* Work request: Quote the records below in full, exactly as given, with the images taken out.

(Records from a data source)
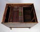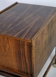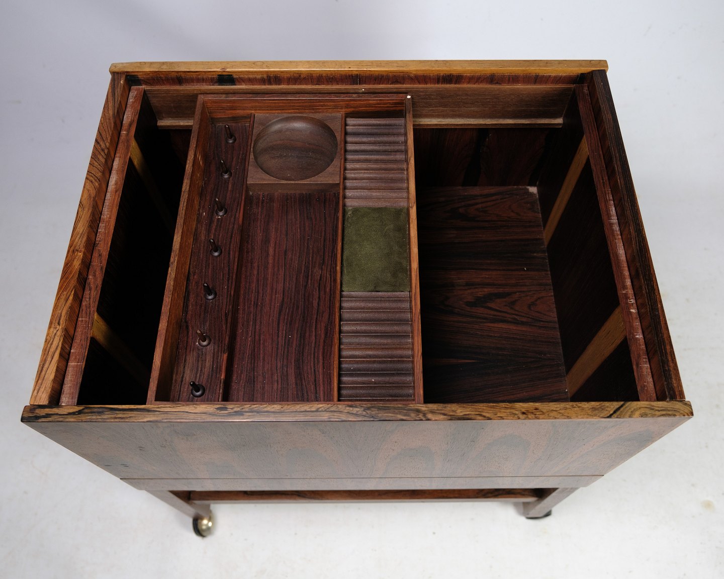 Boksen har en slidseåbning i midten af bordpladen, som åbner op i begge ender for at afsløre opbevaringsplads og en aftagelig bakke med mange rum. Der er en smuk kurvforet skuffe nederst, og bagsiden er også pænt afsluttet, så dette kan bruges som et fritstående møbel. Farven og palisandertræets kornmønstre er fantastiske overalt, selv indeni.
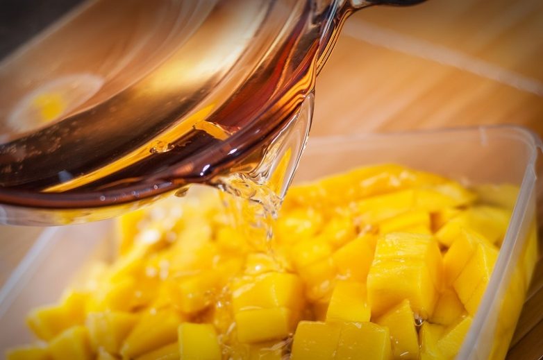 После заморозки продукты можно переместить в контейнер, банку или пакет, который будет запечатываться. Постарайтесь удалить воздух из пакета, так замороженные фрукты сохранятся дольше.
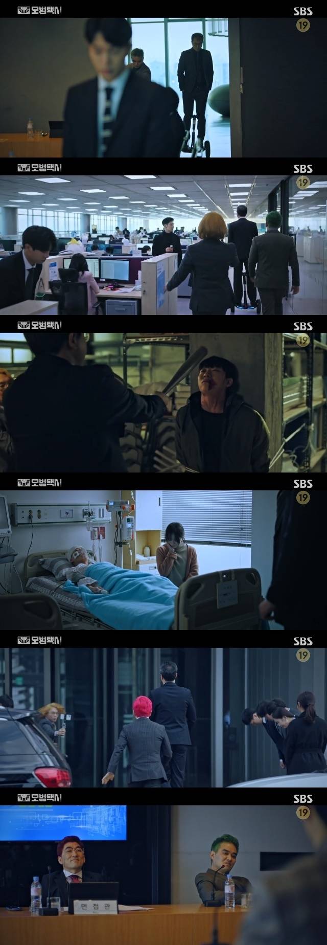 한편 이날 시청자들은 회사 내에서 전동휠을 타는 괴짜 같은 모습, 회사 직원들이 총 천연색한 염색을 한 것, 갑질 폭행한 것을 두고 '그것이 알고싶다'에서도 한차례 다뤘던 양진호 회장 사건을 떠올렸다. 몇몇 시청자들은 이 에피소드가 실화인 것에 한 차례 경악, 최근 실제 인물이 고직 징역 5년 형을 받은 것에 한차례 더 경악하며, 극에서라도 실현될 통쾌한 복수극에 관심을 집중시켰다. (사진=SBS '모범택시' 캡처)
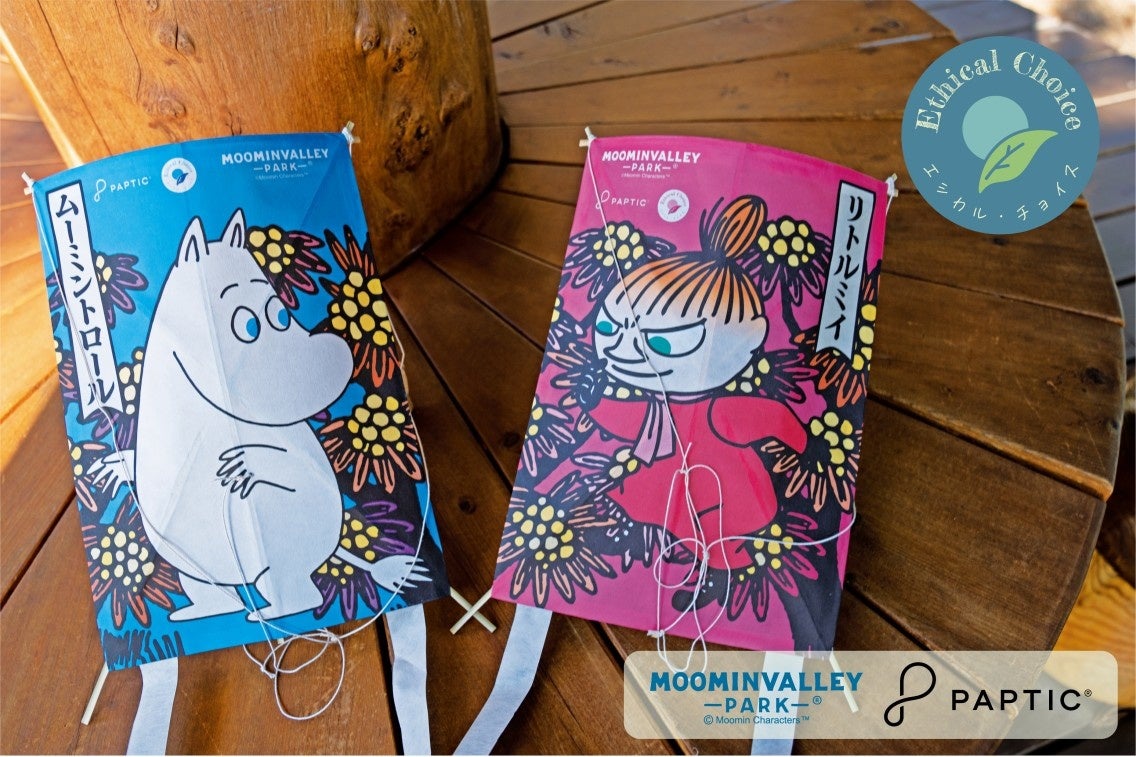 和凧の素材には、しなやかで優しい触感が特徴の、自然との共生を掲げるフィンランド・Paptic社の素材「PAPTIC / パプティック」を採用。デザインは、ムーミンバレーパークのロゴにも登場するムーミントロールとリトルミイの2種類を日本の伝統的な配色で表現しました。
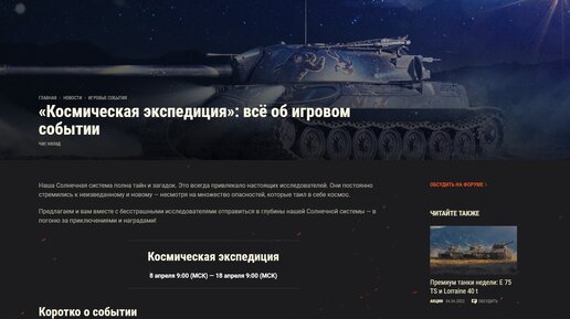 КОСМИЧЕСКАЯ ЭКСПЕДИЦИЯ ✦ 1 000 000 СЕРЕБРА КАЖДОМУ ✦ НОВОЕ СОБЫТИЕ В ТАНКАХ
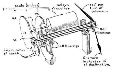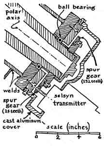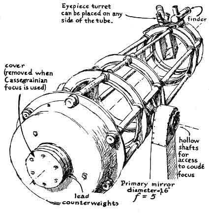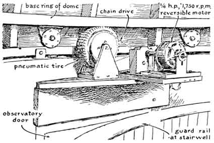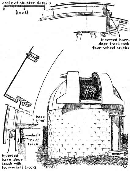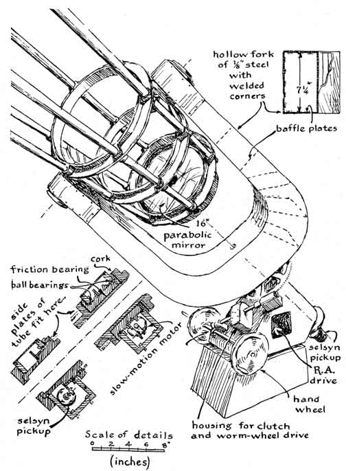 The installation is remarkable in many respects. For example, the instrument embodies more scaled-down features of the 200-inch Hale telescope on Palomar Mountain than I have encountered heretofore. The two-story observatory building, made of masonry, has a motor-driven dome of reinforced fiber glass. The building includes a photographic darkroom, a machine shop and a study. All the functional elements are controlled electrically, including a system of remote dials that continuously monitor the telescope's position as it tracks an object across the sky. The installation is the more remarkable because the older of the builders had no burning enthusiasm for either astronomy or telescope making when he began work on his first telescope. He was tricked into taking up telescope making by a friend, the late James H. Wyld, who was a pioneer in the design and construction of rocket engines. Wyld had become a telescope buff after reading in this department a report by the late Albert G. Ingalls on a group of amateurs in Springfield, Vt., who in 1920 had made a number of small reflecting telescopes. Wikswo tended to look down his nose at telescope making. The deceptively simple appearance of a reflecting telescope rarely challenges the inexperienced eye. After much urging by Wyld, however, Wikswo reluctantly agreed to try his hand at a six-inch instrument He spent almost a year on the project. Most amateurs would have finished it in 60 days. The difference was that Wikswo's telescope rivaled the excellence of a finely made watch. Wyld took one look through it and contrived a scheme for binding Wikswo forever to his avocation. Although Wyld was young and in perfect health at the time, he provided in his will for the purchase of two specially cast 16-inch disks of Pyrex as a bequest to Wikswo. In 1952 the disks were delivered. Wyld knew his man. The astonished Wikswo has been working on the telescope ever since. Recently he invited me to inspect the results. To reach the observatory you turn left off Route 29 about 10 miles north of Amherst and follow the narrow road that winds northwest through the Blue Ridge mountains. Somewhere between the villages of Piney River and the Forks of Buffalo the road enters an oval valley. Atop a large knoll that rises in the valley you spot the dome of the observatory under a sky that is usually crystal clear. A breath of the fresh air almost justified the trip. "We were against pollution in these parts," Wikswo explained, "long before the idea caught on elsewhere. My neighbors on the crests of these mountains learned from skilled ancestors the art of firing a whiskey still without creating a telltale plume of smoke. That's one reason I'm here." Wikswo explained another of his reasons as we made our way along a footpath to the observatory. A vein of titanium ore runs for seven miles through a neighboring mountain. He heads a group of chemists that develops methods for processing the mineral. The door of the observatory opens onto a landing from which a spiral staircase leads to the observing floor above and the darkroom below [see illustration at right]. The cylindrical wall is made up of curved cement blocks. The overlapping dome is formed by two dozen curved trusses of fir overlain by a sandwich of Masonite and fiber-glass cloth cemented with polyester resin. The weight of the dome is carried by a base ring of laminated wood; the ring has flanged wheels that roll on a circular track of steel. The track was bent from bar stock two inches wide and half an inch thick. It is anchored to the rim of the concrete wall. The telescope is supported at the center of the dome by a concrete pier that extends down through both floors to bedrock and is insulated against mechanical vibrations. You can jump on either floor without vibrating the instrument. The dome is rotated by frictional contact between the laminated base ring and a pneumatic tire on a motor-driven wheel. Access to the sky is through a pair of weatherproof shutters in the dome; they open to form a slit one yard wide from the horizon to the zenith. The shutters, which were built in an old farmhouse that came with the property, are also made of Masonite and fiber- glass. They are operated with a hand wheel through a system of cables. This is one of the few features of the observatory that Wikswo has not mechanized. The fork that supports the tube of the telescope and rotates the instrument in right ascension, or celestial longitude, is of the welded box-girder type stiffened with internal partitions [see illustration at left]. The fork includes bolting plates an inch thick for attaching the shaft and the housings of the declination bearings. Although the instrument weighs more than 600 pounds, it moves easily in any direction. The tube is rotated in right ascension by a synchronous motor that operates at 1,800 revolutions per minute in combination with a gear system that includes a differential mechanism. A direct-current motor coupled to the differential is used for turning the tube to any part of the sky. The gearing in both declination (north-south direction) and right ascension includes selsyn (self-synchronous) transmitters that couple electrically to companion receivers operating dials for monitoring the position of the instrument. When the telescope is tracking a star automatically, a selsyn motor geared to the polar shaft communicates the rotation synchronously to a companion motor coupled to one input shaft of a differential in the dial mechanism that indicates right ascension. Concurrently rotation in the opposite sense is fed into the second input shaft of this differential by a clock motor that keeps sidereal, or star, time. The two inputs cancel. Accordingly the dial remains fixed and indicates the unchanging position of the telescope in right ascension. When the telescope is stopped, the clock takes over. The dial now advances at the sidereal rate, thus indicating the telescope's changing position wi

* Answer for the task:
 Boksen har en slidseåbning i midten af bordpladen, som åbner op i begge ender for at afsløre opbevaringsplads og en aftagelig bakke med mange rum. Der er en smuk kurvforet skuffe nederst, og bagsiden er også pænt afsluttet, så dette kan bruges som et fritstående møbel. Farven og palisandertræets kornmønstre er fantastiske overalt, selv indeni.
 После заморозки продукты можно переместить в контейнер, банку или пакет, который будет запечатываться. Постарайтесь удалить воздух из пакета, так замороженные фрукты сохранятся дольше.
 한편 이날 시청자들은 회사 내에서 전동휠을 타는 괴짜 같은 모습, 회사 직원들이 총 천연색한 염색을 한 것, 갑질 폭행한 것을 두고 '그것이 알고싶다'에서도 한차례 다뤘던 양진호 회장 사건을 떠올렸다. 몇몇 시청자들은 이 에피소드가 실화인 것에 한 차례 경악, 최근 실제 인물이 고직 징역 5년 형을 받은 것에 한차례 더 경악하며, 극에서라도 실현될 통쾌한 복수극에 관심을 집중시켰다. (사진=SBS '모범택시' 캡처)
 和凧の素材には、しなやかで優しい触感が特徴の、自然との共生を掲げるフィンランド・Paptic社の素材「PAPTIC / パプティック」を採用。デザインは、ムーミンバレーパークのロゴにも登場するムーミントロールとリトルミイの2種類を日本の伝統的な配色で表現しました。
 КОСМИЧЕСКАЯ ЭКСПЕДИЦИЯ ✦ 1 000 000 СЕРЕБРА КАЖДОМУ ✦ НОВОЕ СОБЫТИЕ В ТАНКАХ
 The installation is remarkable in many respects. For example, the instrument embodies more scaled-down features of the 200-inch Hale telescope on Palomar Mountain than I have encountered heretofore. The two-story observatory building, made of masonry, has a motor-driven dome of reinforced fiber glass. The building includes a photographic darkroom, a machine shop and a study. All the functional elements are controlled electrically, including a system of remote dials that continuously monitor the telescope's position as it tracks an object across the sky. The installation is the more remarkable because the older of the builders had no burning enthusiasm for either astronomy or telescope making when he began work on his first telescope. He was tricked into taking up telescope making by a friend, the late James H. Wyld, who was a pioneer in the design and construction of rocket engines. Wyld had become a telescope buff after reading in this department a report by the late Albert G. Ingalls on a group of amateurs in Springfield, Vt., who in 1920 had made a number of small reflecting telescopes. Wikswo tended to look down his nose at telescope making. The deceptively simple appearance of a reflecting telescope rarely challenges the inexperienced eye. After much urging by Wyld, however, Wikswo reluctantly agreed to try his hand at a six-inch instrument He spent almost a year on the project. Most amateurs would have finished it in 60 days. The difference was that Wikswo's telescope rivaled the excellence of a finely made watch. Wyld took one look through it and contrived a scheme for binding Wikswo forever to his avocation. Although Wyld was young and in perfect health at the time, he provided in his will for the purchase of two specially cast 16-inch disks of Pyrex as a bequest to Wikswo. In 1952 the disks were delivered. Wyld knew his man. The astonished Wikswo has been working on the telescope ever since. Recently he invited me to inspect the results. To reach the observatory you turn left off Route 29 about 10 miles north of Amherst and follow the narrow road that winds northwest through the Blue Ridge mountains. Somewhere between the villages of Piney River and the Forks of Buffalo the road enters an oval valley. Atop a large knoll that rises in the valley you spot the dome of the observatory under a sky that is usually crystal clear. A breath of the fresh air almost justified the trip. "We were against pollution in these parts," Wikswo explained, "long before the idea caught on elsewhere. My neighbors on the crests of these mountains learned from skilled ancestors the art of firing a whiskey still without creating a telltale plume of smoke. That's one reason I'm here." Wikswo explained another of his reasons as we made our way along a footpath to the observatory. A vein of titanium ore runs for seven miles through a neighboring mountain. He heads a group of chemists that develops methods for processing the mineral. The door of the observatory opens onto a landing from which a spiral staircase leads to the observing floor above and the darkroom below [see illustration at right]. The cylindrical wall is made up of curved cement blocks. The overlapping dome is formed by two dozen curved trusses of fir overlain by a sandwich of Masonite and fiber-glass cloth cemented with polyester resin. The weight of the dome is carried by a base ring of laminated wood; the ring has flanged wheels that roll on a circular track of steel. The track was bent from bar stock two inches wide and half an inch thick. It is anchored to the rim of the concrete wall. The telescope is supported at the center of the dome by a concrete pier that extends down through both floors to bedrock and is insulated against mechanical vibrations. You can jump on either floor without vibrating the instrument. The dome is rotated by frictional contact between the laminated base ring and a pneumatic tire on a motor-driven wheel. Access to the sky is through a pair of weatherproof shutters in the dome; they open to form a slit one yard wide from the horizon to the zenith. The shutters, which were built in an old farmhouse that came with the property, are also made of Masonite and fiber- glass. They are operated with a hand wheel through a system of cables. This is one of the few features of the observatory that Wikswo has not mechanized. The fork that supports the tube of the telescope and rotates the instrument in right ascension, or celestial longitude, is of the welded box-girder type stiffened with internal partitions [see illustration at left]. The fork includes bolting plates an inch thick for attaching the shaft and the housings of the declination bearings. Although the instrument weighs more than 600 pounds, it moves easily in any direction. The tube is rotated in right ascension by a synchronous motor that operates at 1,800 revolutions per minute in combination with a gear system that includes a differential mechanism. A direct-current motor coupled to the differential is used for turning the tube to any part of the sky. The gearing in both declination (north-south direction) and right ascension includes selsyn (self-synchronous) transmitters that couple electrically to companion receivers operating dials for monitoring the position of the instrument. When the telescope is tracking a star automatically, a selsyn motor geared to the polar shaft communicates the rotation synchronously to a companion motor coupled to one input shaft of a differential in the dial mechanism that indicates right ascension. Concurrently rotation in the opposite sense is fed into the second input shaft of this differential by a clock motor that keeps sidereal, or star, time. The two inputs cancel. Accordingly the dial remains fixed and indicates the unchanging position of the telescope in right ascension. When the telescope is stopped, the clock takes over. The dial now advances at the sidereal rate, thus indicating the telescope's changing position wi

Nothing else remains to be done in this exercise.